I'll submit the syntax bugs as a separate issue.

CharliePoole commented 4 years ago

I wouldn't say that such an expression is impossible, but I do think it requires a fairly complete rewrite of the underlying code that (sort of) parses the syntax as the expression is evaluated. Personally, I think there is a need for two approaches coexisting. One typed approach such as we are discussing and a legacy object approach for dealing with the worst case scenario - collections of mixed types. In fact, such collections are pretty rare these days anyway, so maybe we can make that usage fade away.

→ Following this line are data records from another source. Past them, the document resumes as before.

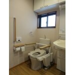 トイレは、トイレの際の立ち座り、介助作業が無理なくできるトイレリフトを採用し、手すりは、介助しやすいように手すりを上に上げて使用するはね上げタイプを設置いたしました。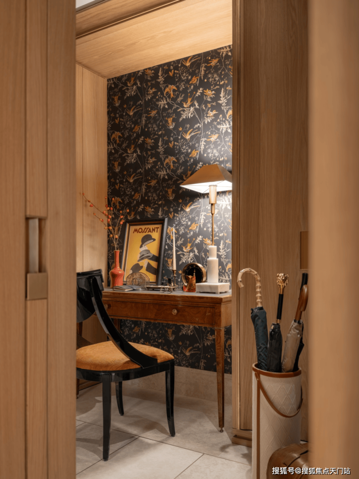 玄关具有变化性与功能多重性,壁纸融合中西方色彩和纹样,除了更衣功能,更摆放了古董书写桌,以手写文字传递信息,传递慢节奏生活方式,丰富空间的装饰和功能,目光所及视角变得丰富。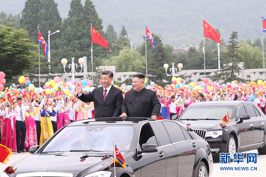 6月20日,中共中央总书记、国家主席习近平乘专机抵达平壤,开始对朝鲜民主主义人民共和国进行国事访问。朝鲜劳动党委员长、国务委员会委员长金正恩和夫人李雪主到机场热情迎接习近平和夫人彭丽媛。朝方在机场举行隆重欢迎仪式。欢迎仪式结束后,习近平与金正恩同车前往锦绣山太阳宫广场,沿途数十万群众夹道欢迎。 新华社记者 申宏 摄

My own attempts are gone. @jnm2 didn't you work on this once? Do you have any lessons learned for @Crossbow78 ?

jnm2 commented 4 years ago

Yes, I tried once or twice and ran into backwards compatibility issues. The biggest learning from my own experiences outside NUnit is that fluent APIs are a lot of work, and fluent APIs that are context-dependent are a lot of work squared (so to speak).

We can augment the compiler type checks with our own analyzer errors and warnings. The upside there is that there are no backwards compatibility concerns (the analyzer is very new and isn't at 1.0 yet). The downside is that it's probably even more maintenance work to do this checking in the analyzer.

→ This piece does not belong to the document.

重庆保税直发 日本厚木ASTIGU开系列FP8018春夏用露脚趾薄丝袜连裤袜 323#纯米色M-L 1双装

I've been using Shouldly along with NUnit for a while. It's my current favorite for assertion statements. NUnit is my favorite for test case organization, custom attributes, and the "batteries included" selection of built-in attributes that cover common scenarios.

CharliePoole commented 4 years ago

If anyone is interested, I'm currently rewriting the whole constraint-building thing for my TCLite framework. If I can get it to work, it might be useful here.

jnm2 commented 4 years ago

@CharliePoole I'm generally interested. A month ago I tried again to retrofit true-async assertions and I have some thoughts on that too. Is that something you're including?

CharliePoole commented 4 years ago

I think that's an important issue but it's orthogonal to the question of generics. So far, I've only implemented just enough assertions and constraints to exercise the builder because otherwise each little change I make ramifies into too many files.